“Nicky knows about it. He’s ordered troops from the garrison here in Tsarskoe Selo to settle things. We have nothing to worry about.”
Mama sounded completely confident. Maybe Uncle Sandro was wrong. Papa would solve the problem. I told myself to stop worrying.
But as the day went on, the news kept getting worse: The soldiers garrisoned at Tsarskoe Selo had defected. Many other units were going over to the revolutionaries, and the railway workers would not let any new troops arrive.

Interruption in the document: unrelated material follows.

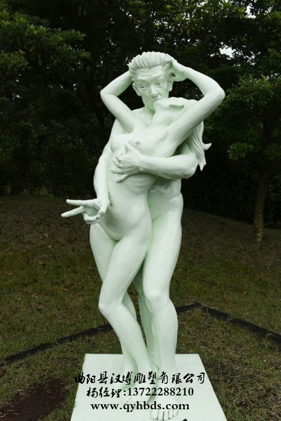 玻璃钢小品公园爱情主题_城市广场情侣接吻雕塑

So maybe Uncle Sandro was right! I started worrying again.
Lili’s son, Titi, was at home in Petrograd with his governess. “I’m sure they’ll be fine,” she said. Lili was like Mama, trying to put the best light on the situation, but I could see the anxiety in her eyes.
She decided not to try to get back to Petrograd that day but to stay the night with us. To keep us both occupied, we worked on a jigsaw puzzle, the pieces spread out around us on the carpet. Mama went out to talk privately to the grand marshal. “Count Benckendorff will know exactly what to do.”
Most of the puzzle seemed to be either sky or ocean, some shade of blue or gray. I tried a piece here, a piece there. Progress was slow. Mama came back, dropped into a chair nearby, and watched us. She looked exhausted. She was caring not only for three sick children, but also for Anya, and Anya seemed to require more of her attention than the others did.
“How are you feeling, Nastya?” she asked. I assured her that I felt fine. “No headache or sore throat or fever?”
“I’m fine, Mama, truly.”
“I want you to get plenty of rest,” she said. “Be a good girlie and go to bed now, please.”
I started to protest. I wanted to stay and listen to the conversation, but Lili shook her head, raising one reproving eyebrow, and I dragged myself away. Mama was probably going to tell Lili something—something important—that she didn’t want me to hear.
I went looking for Shura. My governess spent a lot of time with Monsieur Gilliard—I suspected they were in love—and our tutor would no doubt have learned something. He always did. When I found her warming my nightgown by the stove, her eyes were puffy from crying. She helped me undress and put on the cozy nightgown. I sat down at my dressing table, and she began to brush my hair. “Please, Shura,” I begged, “tell me what you know.”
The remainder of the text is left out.